↓↓↓

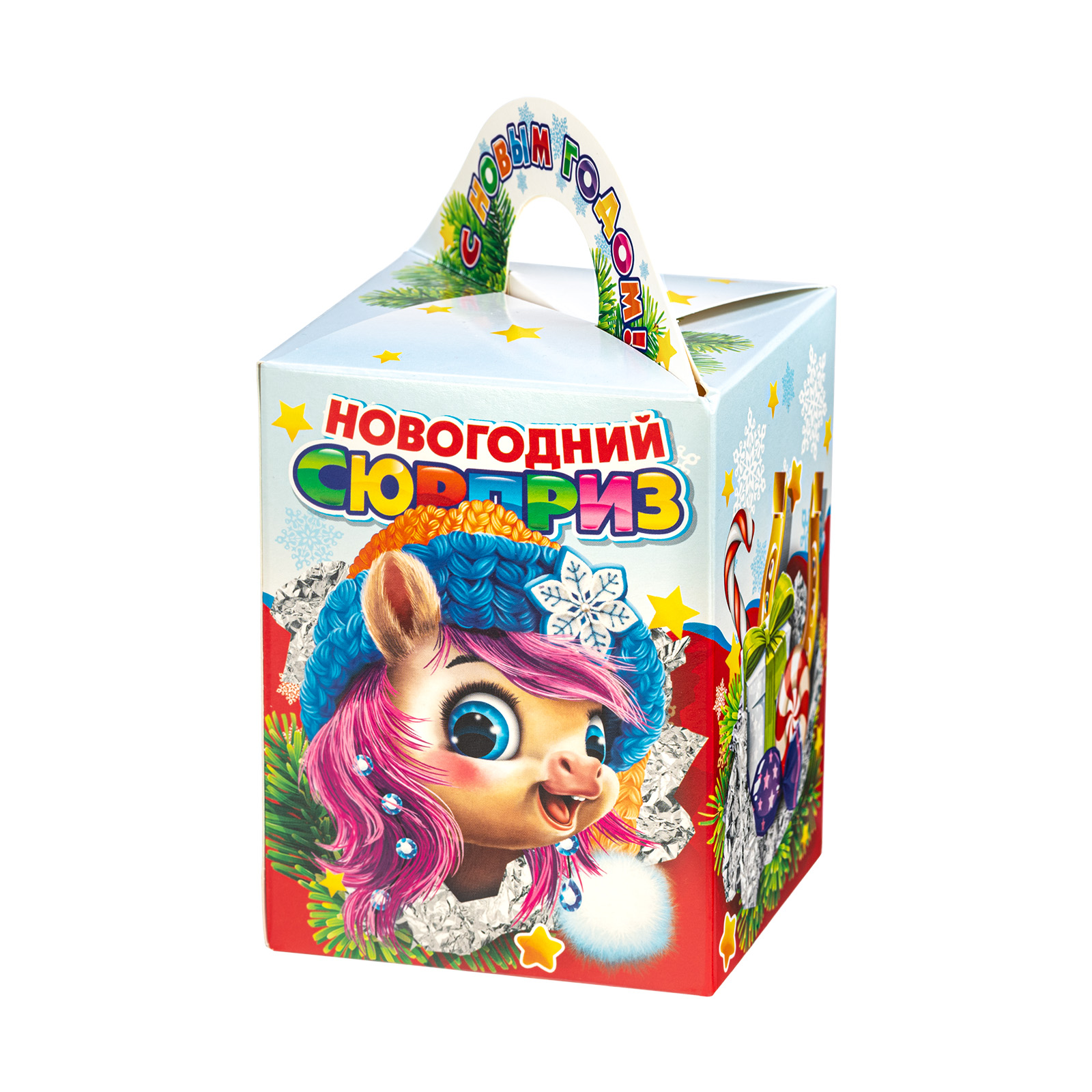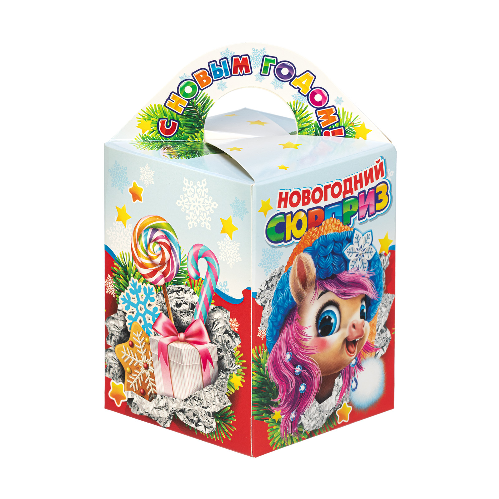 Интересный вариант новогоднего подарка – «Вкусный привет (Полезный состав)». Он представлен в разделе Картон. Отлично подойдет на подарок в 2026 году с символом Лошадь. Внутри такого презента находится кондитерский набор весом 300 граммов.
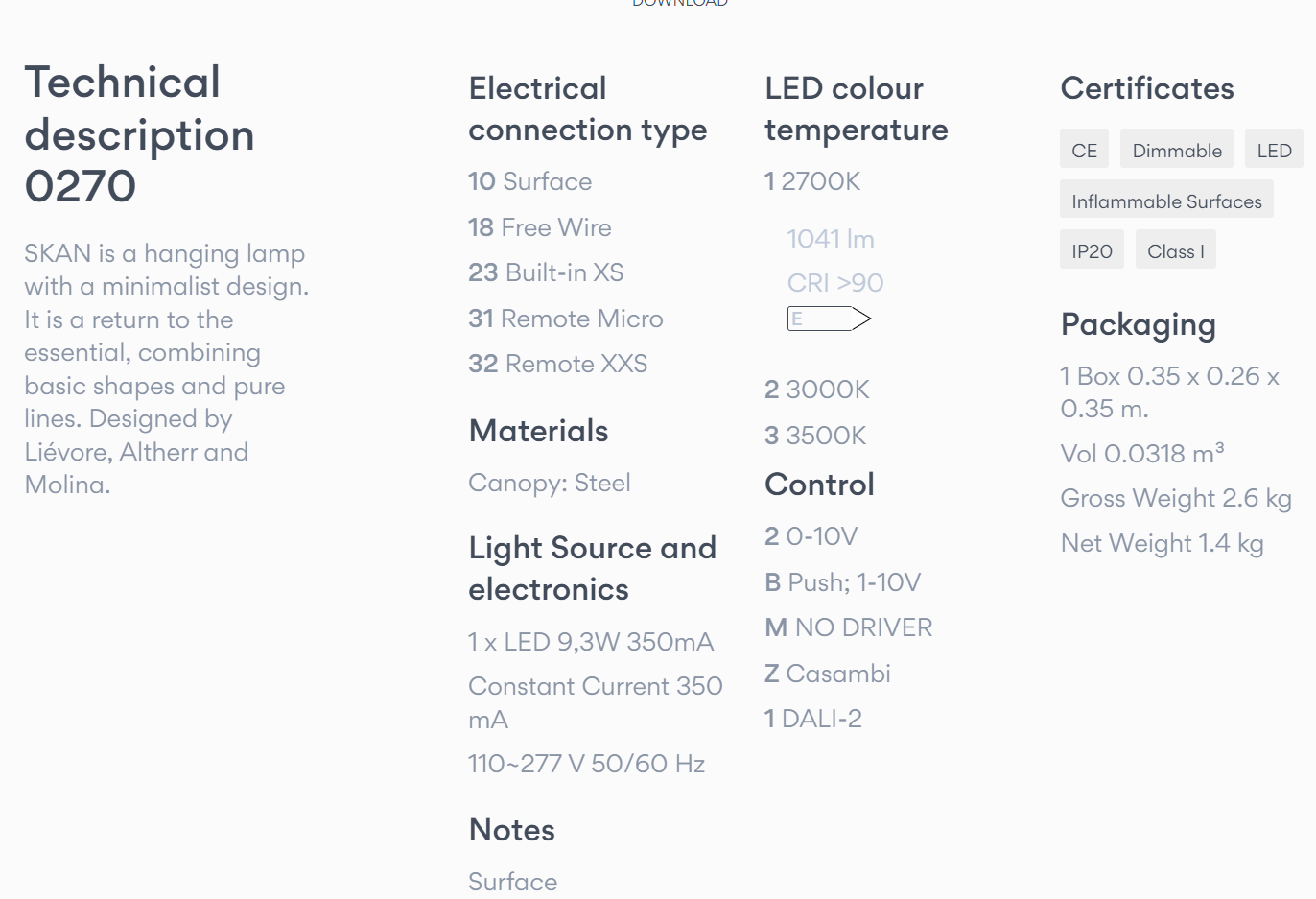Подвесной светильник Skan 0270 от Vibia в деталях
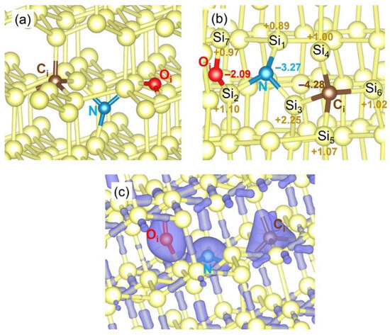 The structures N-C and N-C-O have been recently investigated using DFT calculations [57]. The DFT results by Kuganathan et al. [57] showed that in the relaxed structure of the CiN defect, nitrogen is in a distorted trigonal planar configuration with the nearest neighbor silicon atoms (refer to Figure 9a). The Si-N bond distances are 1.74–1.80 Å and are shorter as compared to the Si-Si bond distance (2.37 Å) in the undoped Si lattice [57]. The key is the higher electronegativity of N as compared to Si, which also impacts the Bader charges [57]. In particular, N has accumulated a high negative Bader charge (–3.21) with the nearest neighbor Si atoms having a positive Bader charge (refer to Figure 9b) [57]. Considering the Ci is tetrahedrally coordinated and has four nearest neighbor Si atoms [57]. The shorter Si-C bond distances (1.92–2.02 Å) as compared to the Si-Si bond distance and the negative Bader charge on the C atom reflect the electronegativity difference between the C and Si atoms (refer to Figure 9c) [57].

↑↑↑

**EXERCISE REQUIREMENTS:** Return only the lines running from the top of the data to the line that holds "Подвесной светильник Skan". Include both of those lines, but skip the pictures.

**ANSWER BOX:**
 Интересный вариант новогоднего подарка – «Вкусный привет (Полезный состав)». Он представлен в разделе Картон. Отлично подойдет на подарок в 2026 году с символом Лошадь. Внутри такого презента находится кондитерский набор весом 300 граммов.
Подвесной светильник Skan 0270 от Vibia в деталях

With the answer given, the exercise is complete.